1. A method for extracting webpage text based on text node features comprises the following steps:

acquiring an HTML source code of a webpage to be extracted;

2. The method of claim 1, further comprising:

3. The method of claim 1, wherein the extracting of the text element is performed according to a web page text node attribute identifier and an HTML parser.

4. The method as claimed in claim 1, wherein the comparing of the node value of each element key node in the list with the node value in the body node library in sequence uses RKR-GST algorithm or edit distance algorithm of character string.
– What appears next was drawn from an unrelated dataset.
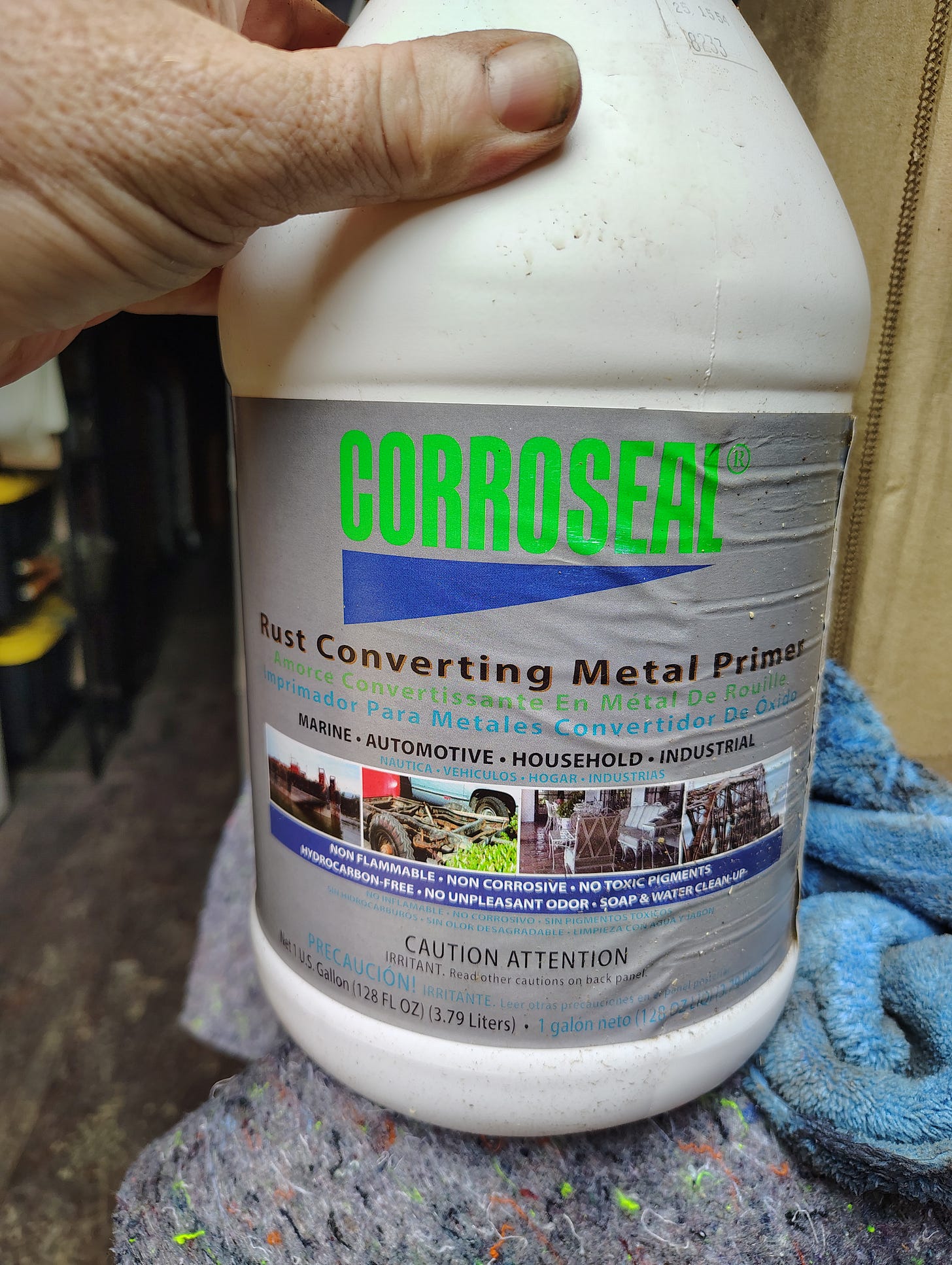 You have to remove all the lose rust before you use it, (hence the previous tool) but once you do, this stuff,( which has a consistency somewhere between water, and thinned linseed oil) can be put on with a brush, a roller, a spray bottle… Out of a spray bottle it goes on like a general purpose cleaner. You will probably need to spread it around with a brush or something (I used the cheep foam brushes, worked fine.) When it goes on its sort of a milky white, upon drying, it becomes clear on any previous painted surface, and will not harm the paint. On rust, or bare metal, however, it becomes black, that’s how you know it’s done its thing. The black is a chemical conversion of iron-oxide to a plastic polymer. It doesn’t matter if there’s visible rust or if it’s shiny steel, it will find enough iron-oxide to do its thing. Dries completely in 24-48 hours and then can be painted directly over. Best of all, it encapsulates the steel, so no oxygen can get to it, to cause further corrosion, and it penetrates into pits and cracks, to seal them. Oh, and its water based so cleanup is easy. If you have rusty iron things that have to stay out in the weather, you need this stuff. It’s better, cheaper and easier to use than the “primer and rust encapsulator” paints by Rust oleum and such, and you can use it in a confined space, without worrying about your health.

5. A system for extracting a text of a web page based on text node features, the system comprising:

the sequencing module compares the node value of each element key node in the list with the node values in the node library in sequence, obtains the probability that the node value of each element key node is the text node attribute value and sequences the node values;

and the extraction module is used for extracting the text elements of the key element nodes according to the sequence of the probability of the attribute values of the text nodes, acquiring the text of the webpage to be judged, judging whether the text of the webpage to be judged exceeds a preset threshold value or not, and determining that the text of the webpage to be judged is the text of the webpage when the text of the webpage to be judged does not exceed the preset threshold value.

6. The system of claim 5, wherein the extraction of the text element is performed according to the attribute identifier of the web page text node and an HTML parser.

7. The system of claim 5, wherein the comparing of the node value of each element key node in the list with the node value in the body node library in sequence uses RKR-GST algorithm or editing distance algorithm of character string.